Leading instructors of the illegal EVMB

  • Wilhelm Bielefeld (member of the board before the beginning of the Nazi regime and chief instructor of the EVMB in illegality in 1933)
  • August Bolte (board member before the beginning of the Nazi regime and leading instructor of the EVMB in the Illegality 1933)
  • Walter Kautz (district manager before the beginning of the Nazi regime and senior instructor of the EVMB in illegality in 1933)
  • Oskar Walz (district manager before the beginning of the Nazi regime and senior instructor of the EVMB in the Illegality 1933)
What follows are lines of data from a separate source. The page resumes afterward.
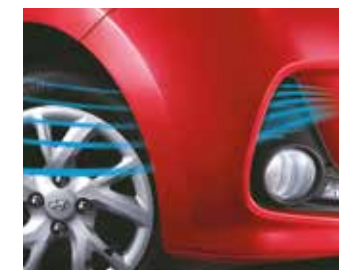
Front Air Curtains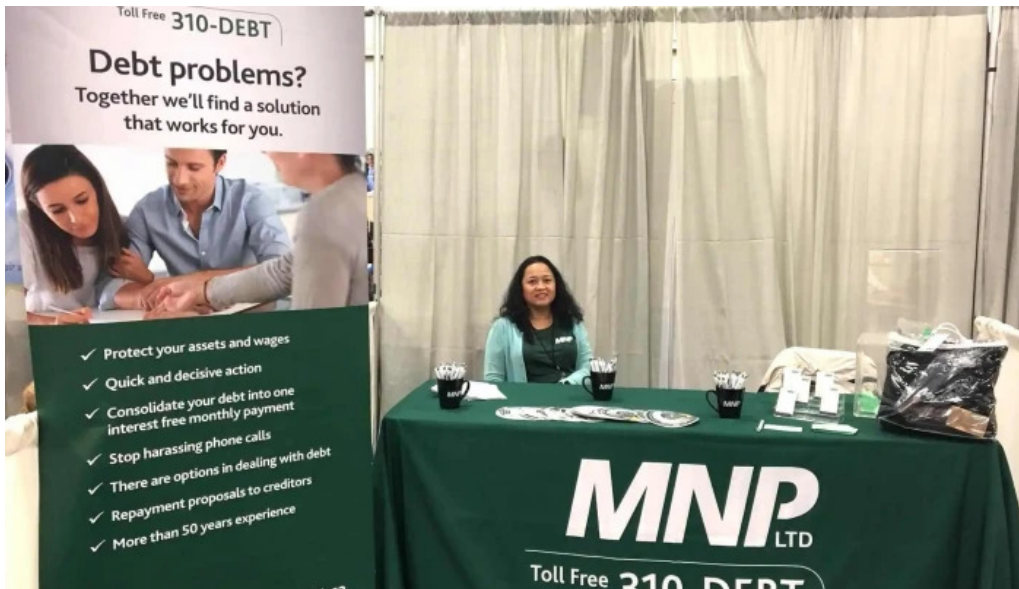
Mnp debt licensed insolvency trustees bankruptcy consumer proposals all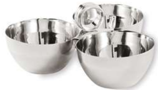
TRIPLE NUT BOWL

LARGE: ITEM 680703227001 / UPC 886087335644 4.76" X 2.99" MEDIUM: ITEM 680703228001 / UPC 886087335651 4.10" X 2.48"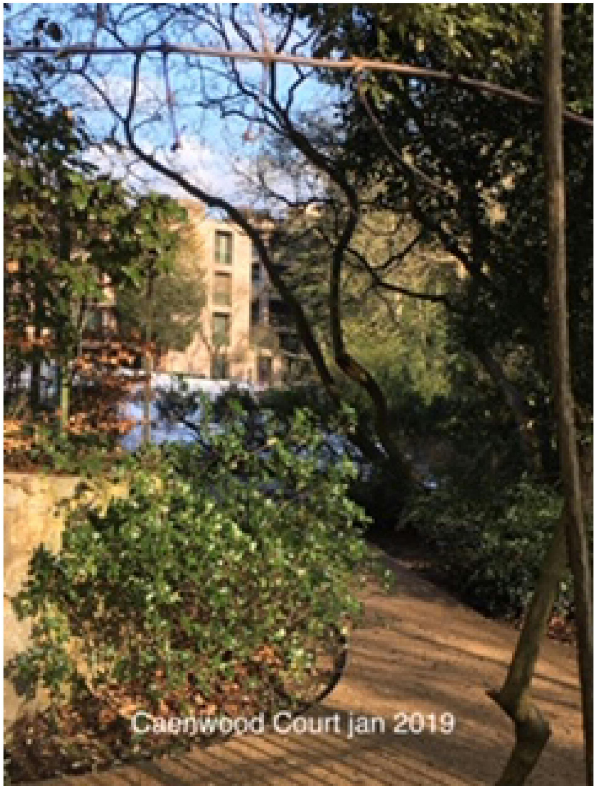
Caenwood Court jan 2019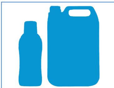
Cold water steriliser

Other EVMB officials (selection)

literature

  • Stefan Heinz : Moscow's mercenaries? "The Union of Metal Workers in Berlin": Development and failure of a communist union. VSA-Verlag, Hamburg 2010, ISBN 978-3-89965-406-6 .
  • Stefan Heinz , Siegfried Mielke (ed.): Functionaries of the unified association of metal workers in Berlin in the Nazi state. Resistance and persecution (= trade unionists under National Socialism. Persecution - resistance - emigration. Volume 2). Metropol, Berlin 2012, ISBN 978-3-86331-062-2 .
  • Stefan Heinz: Resistance from the unions. The communist union of metal workers in Berlin (1930–1935) . In: Hans Coppi , Stefan Heinz (ed.): The forgotten resistance of the workers. Trade unionists, communists, social democrats, Trotskyists, anarchists and forced laborers (= History of Communism and Left Socialism, Volume XVI). dietz-Verlag, Berlin 2012, ISBN 978-3-320-02264-8 , pp. 27-46.
  • Stefan Heinz, "Red Association" and resistance group. Der Einheitsverband der Metallarbeiters Berlins (1930–1935) , In: information - Scientific journal of the study group German Resistance 1933–1945, 42nd year (2017), No. 85, pp. 10–15.
  • Stefan Heinz: The 'Red Unions' and their Resistance to National Socialism: The Unity Union of the Berlin Metal Workers 1930–1935 , In: Ralf Hoffrogge / Norman LaPorte (eds.): Weimar Communism as Mass Movement 1918–1933. Lawrence & Wishart, London 2017, pp. 187-204.
  • Hans-Rainer Sandvoss : The “other” capital of the Reich: Resistance from the workers' movement in Berlin from 1933 to 1945 . Lukas-Verlag, Berlin 2007, ISBN 978-3-936872-94-1 , p. 367 ff.